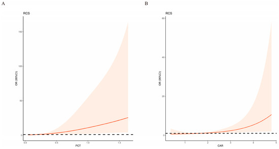 (A) The association between PCT and ICU was shown using RCS; (B) the association between CAR and ICU was shown using RCS. RCS: restricted cubic splines; PCT: procalcitonin; CAR: c-reactive protein/albumin ratio; ICU: intensive care unit.
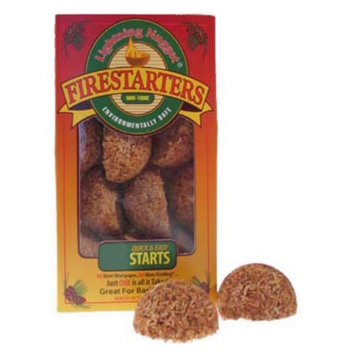 Lightning Nuggets fire starters, for quickly starting any fire indoors and or out, non-toxic and environmentally safe; pine scented; unlimited shelf life, made of pine wood and food-grade wax, no residue left behind, only 1 needed; no need for messy newspaper and kindling, replaces the need for messy volatile lighter fluids or gels. Great for ceramic cookers and pizza ovens.Specifications
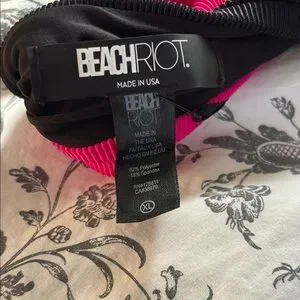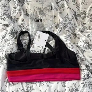 Stylish bikini top with a scoop neckline. Features a vibrant pink band. Perfect for beach days!!
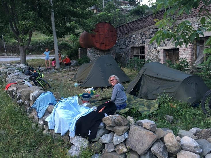 On s’arrête le soir dans le seul village de la vallée, Moglice. Un bar, une épicerie. On arrive à dialoguer en anglais avec la fille de l’épicière. Pas de plan évident pour dormir… La bande de gamins du village comprend le problème et nous trouve un endroit où poser nos tentes. On est un peu l’attraction du village. A part des cyclistes égarés il ne doit pas y avoir grand monde à s’arrêter !
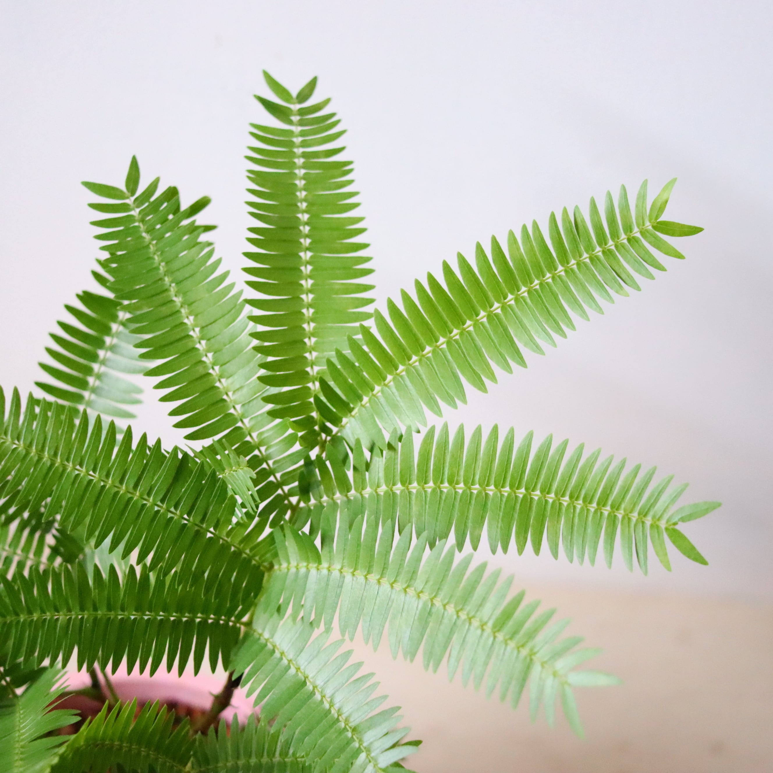 爽やかな葉っぱが魅力的な植物です。朝から夕方まで葉っぱは開いていますが、夜になると閉じるという面白い子です。枝ぶりも綺麗で、お部屋の雰囲気をがらりと変えてくれる、おすすめの植物です。
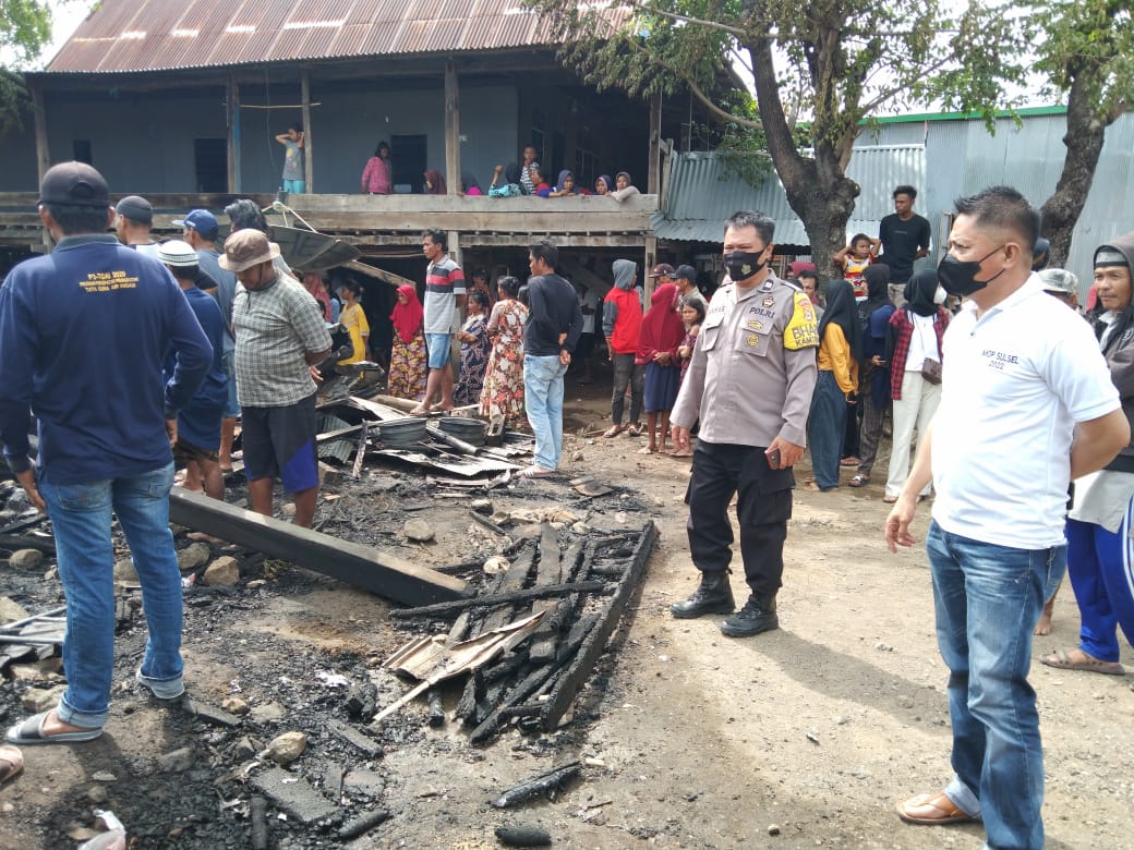 Jeneponto,Chaneltimur.Com – Bhabinkamtibmas Aiptu Akbar mendampingi personil polsek binamu yang dipimpin kapolsek binamu Iptu Baharuddin.M,S.Sos mendatangi tkp kebakaran rumah panggung yang berlokasi di dusun ka’nea desa sapanang kec binamu kab jeneponto yang diduga karena adanya korsleting arus pendek listrik Selasa 1/2/2022
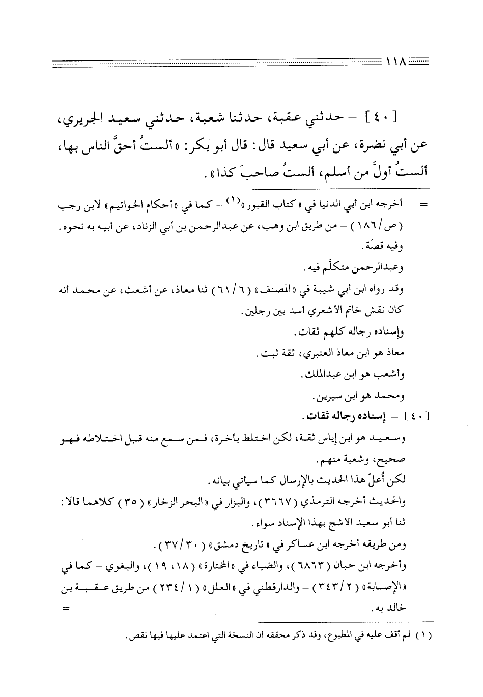 40 - حدثني عقبة حدثنا شعبة حدثني سعيد الجريري عن أبي نضرة عن أبي سعيد قال قال أبو بكر ألست أحق الناس بها ألست أول من أسلم ألست صاحب كذا
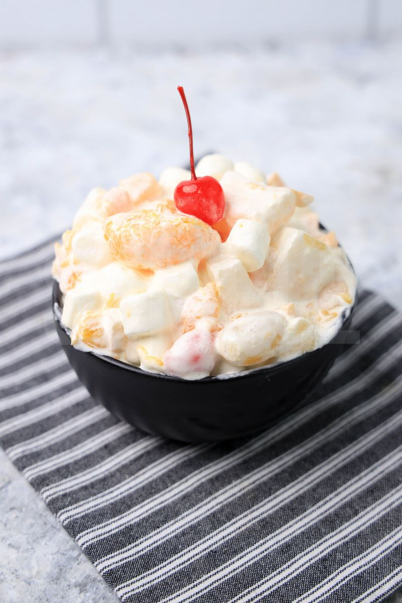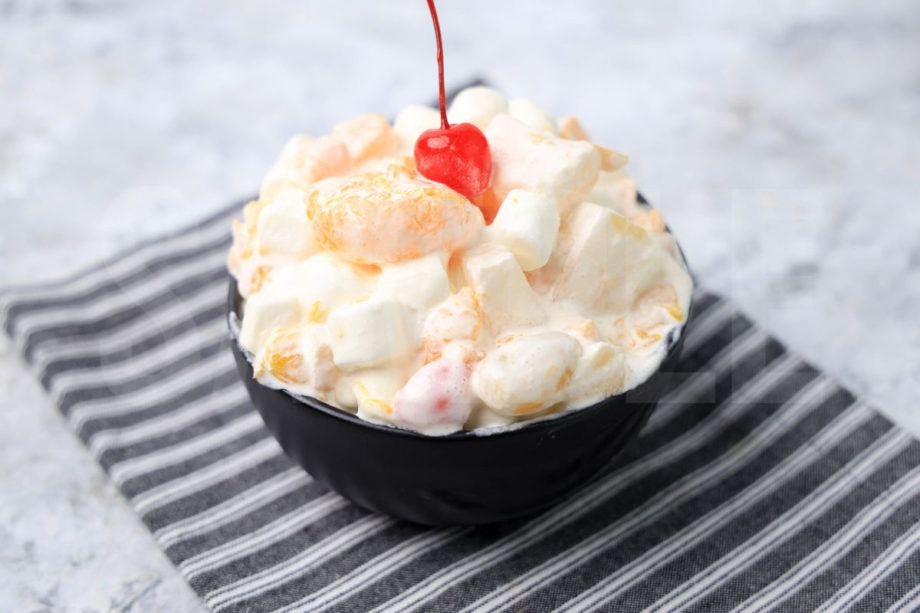 Ambrosia Salad is made with peaches, pineapple, and fruit cocktail. This is a semi exclusive recipe. The Ambrosia comes in a black bowl with a gray striped napkin on a marble backdrop. Set comes with 9 in process (in process are the same for all sets) and 20 final shots (finals are different for each set) along with recipe in text format. Both vertical and horizontal shots are available for social media. One set of four. Sample removed on finals.
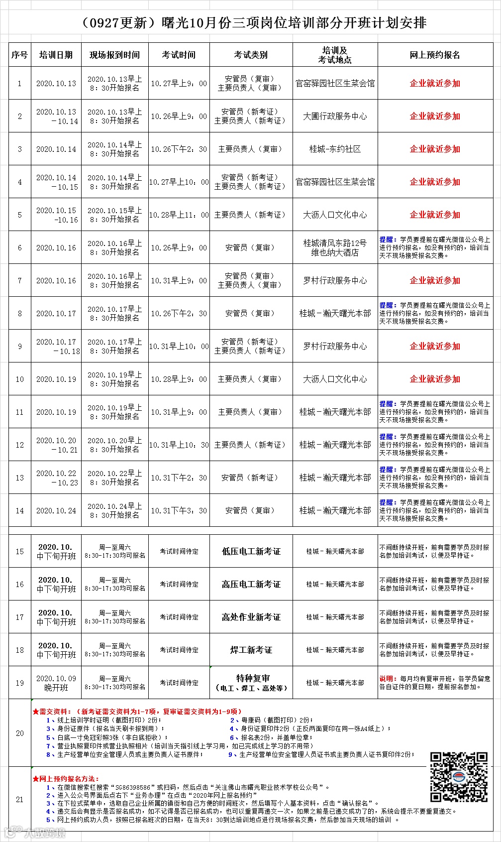(0927更新)曙光10月份三项岗位培训部分开班计划安排 佛山市曙安安全技术服务公司
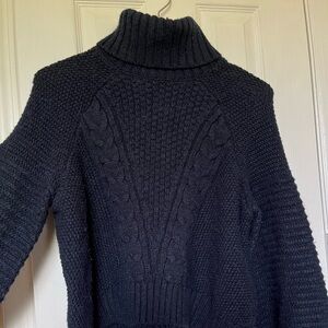 Abercrombie & Fitch | Navy Cable Knit Balloon Sleeve Turtleneck Sweater - Size M
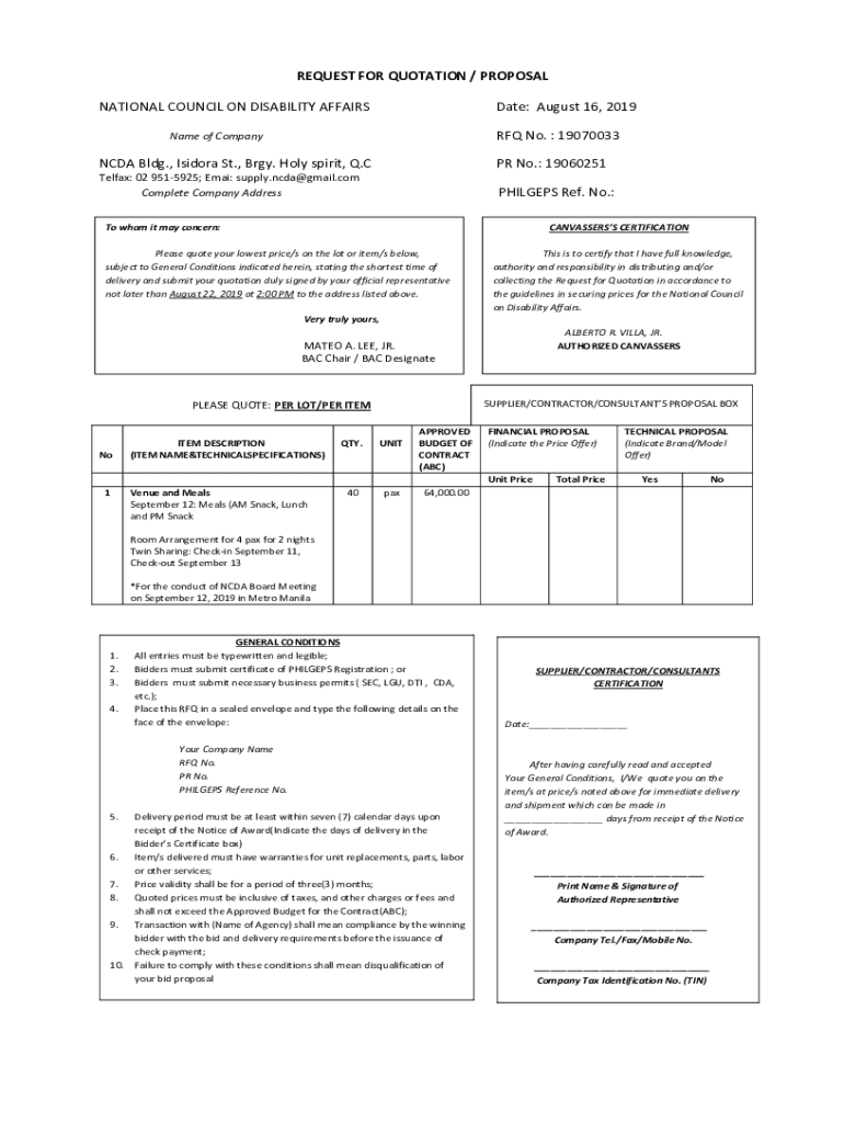 RFQ No. 19070033Name of CompanyNCDA Bldg., Isidora St., Bray. Holy Spirit, Q.CPR No.: 19060251Telfax:
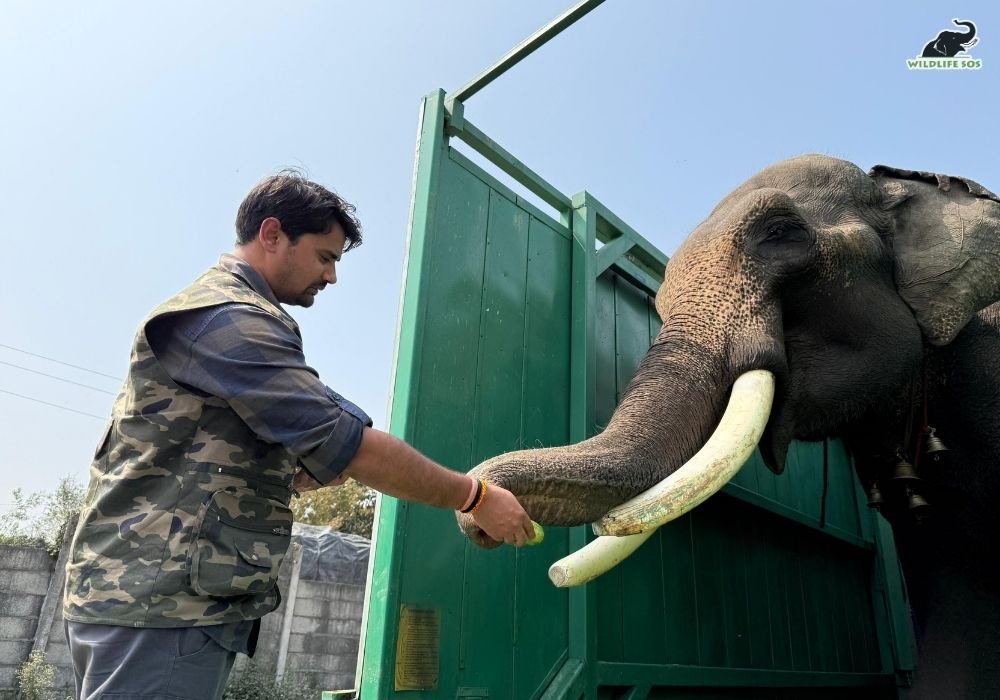 The team did not waste an opportunity to bond with Veer. The caregivers offered him sugarcane that he gracefully accepted and voiced his approval with soft huffs. The veterinarians were relieved to see that Veer’s body posture was not rigid; he remained relaxed. He would tense up during high activity moments but would wind down again, recognising the safe energy around him.
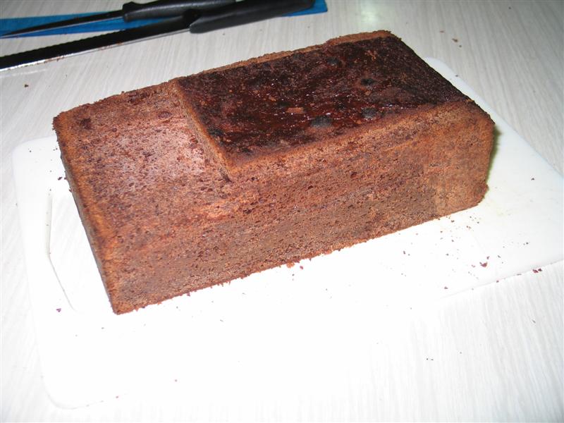 The built-up roof needed a little smoothing, so I came up with the idea of mixing some cake crumbs from the off-cuts with a little ganache to make a sort of "chocolate putty" to spread over it.
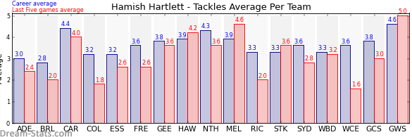 | Hawthorn | 14 | 4.2 | 3.9 | 0.3 |
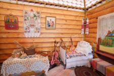Экспозиция включает в себя различные предметы крестьянского быта. Это модель печи, веретено, жернов, сундуки, красный угол, ухваты, утюги, хлебные лопатки, деревянные ведра, коромысло, корыто, самодельный ткацкий станок. На последнем тюменцы могут попробовать сплести ковер из длинных кусочков ткани.
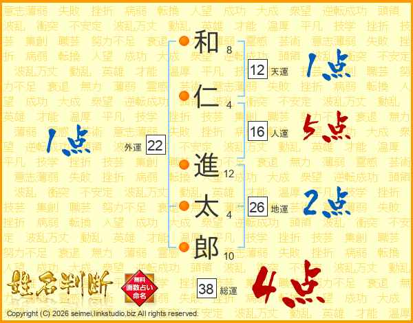 和仁進太郎さんの総運は38画の4点!
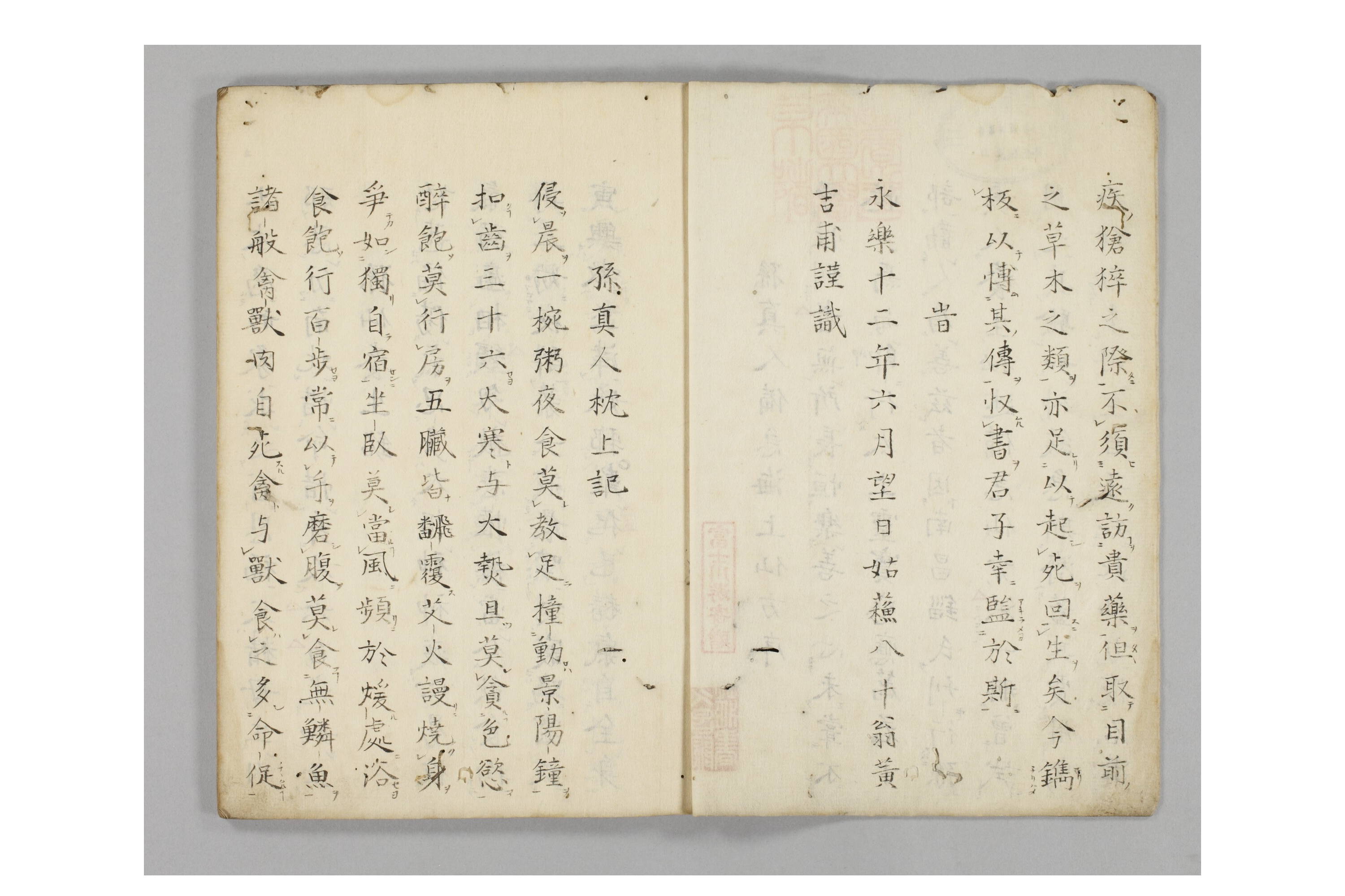《孙真人备急海上仙方》永乐十二年刊本,唐代孙思邈原著,玄盅子藏书。全书共56页。
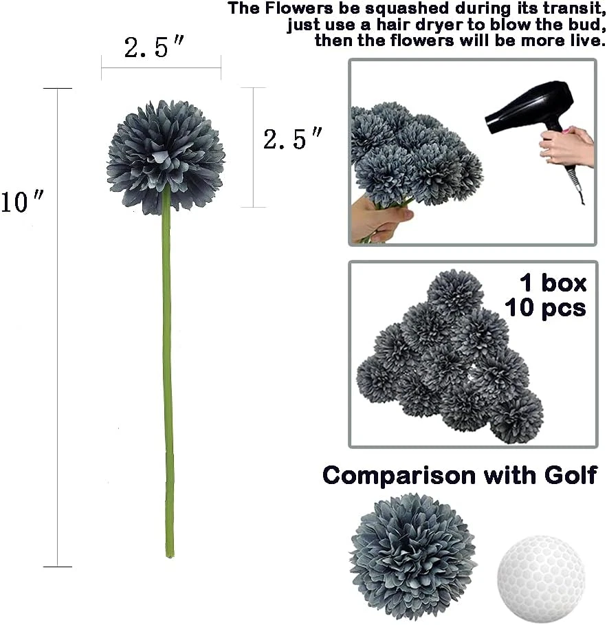 gtin13: 313048247246 Number of Items: 10 Item Weight: 3.52 ounces Plant or Animal Product Type: Item Package Quantity: 1 Recommended Uses For Product: 室内使用 Package Information: Vase Material: 面料 Specific Uses For Product: Home Decor Included Components: 插花配件 Unit Count: 10 Count Color: Grey Type: Does not apply Brand: Does not apply Product Dimensions: 2.5"D x 2.5"W x 10"H UPC: 313048247246 Item model number: Chrysanthemum Ball Country of Origin: China Product: Does not apply Shape: Round Occasion: 结婚和订婚 Indoor/Outdoor Usage: Indoor
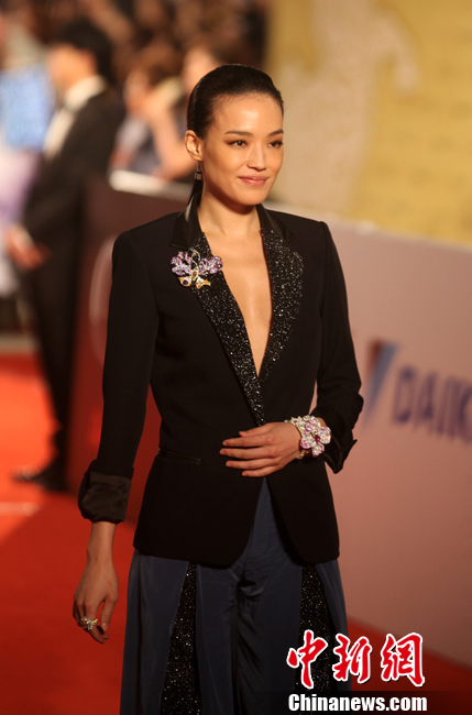 11月26日晚,台湾第48届金马奖颁奖典礼在新竹市举行,两岸三地知名女星身穿各色裙装走过红地毯,成为记者竞相拍照的焦点。图为大陆女星秦海璐和东京影展影帝王千源。两人入围本届金马奖最佳女主角、最佳男主角,但双双失利。董会峰 摄
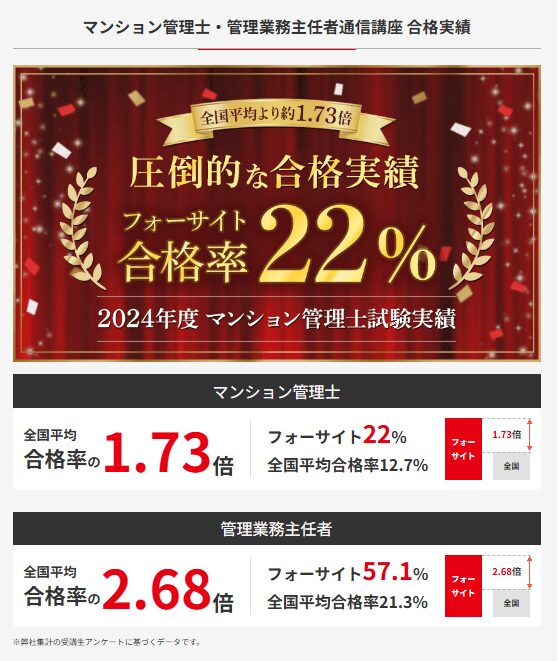 2024年度のフォーサイト合格率は 57.1%。

+ + +

Pictures stay out. Print the lines of the records above exactly, from the first through the one with "爽やかな葉っぱが魅力的な植物".

- [Expected answer]:
 (A) The association between PCT and ICU was shown using RCS; (B) the association between CAR and ICU was shown using RCS. RCS: restricted cubic splines; PCT: procalcitonin; CAR: c-reactive protein/albumin ratio; ICU: intensive care unit.
 Lightning Nuggets fire starters, for quickly starting any fire indoors and or out, non-toxic and environmentally safe; pine scented; unlimited shelf life, made of pine wood and food-grade wax, no residue left behind, only 1 needed; no need for messy newspaper and kindling, replaces the need for messy volatile lighter fluids or gels. Great for ceramic cookers and pizza ovens.Specifications
 Stylish bikini top with a scoop neckline. Features a vibrant pink band. Perfect for beach days!!
 On s’arrête le soir dans le seul village de la vallée, Moglice. Un bar, une épicerie. On arrive à dialoguer en anglais avec la fille de l’épicière. Pas de plan évident pour dormir… La bande de gamins du village comprend le problème et nous trouve un endroit où poser nos tentes. On est un peu l’attraction du village. A part des cyclistes égarés il ne doit pas y avoir grand monde à s’arrêter !
 爽やかな葉っぱが魅力的な植物です。朝から夕方まで葉っぱは開いていますが、夜になると閉じるという面白い子です。枝ぶりも綺麗で、お部屋の雰囲気をがらりと変えてくれる、おすすめの植物です。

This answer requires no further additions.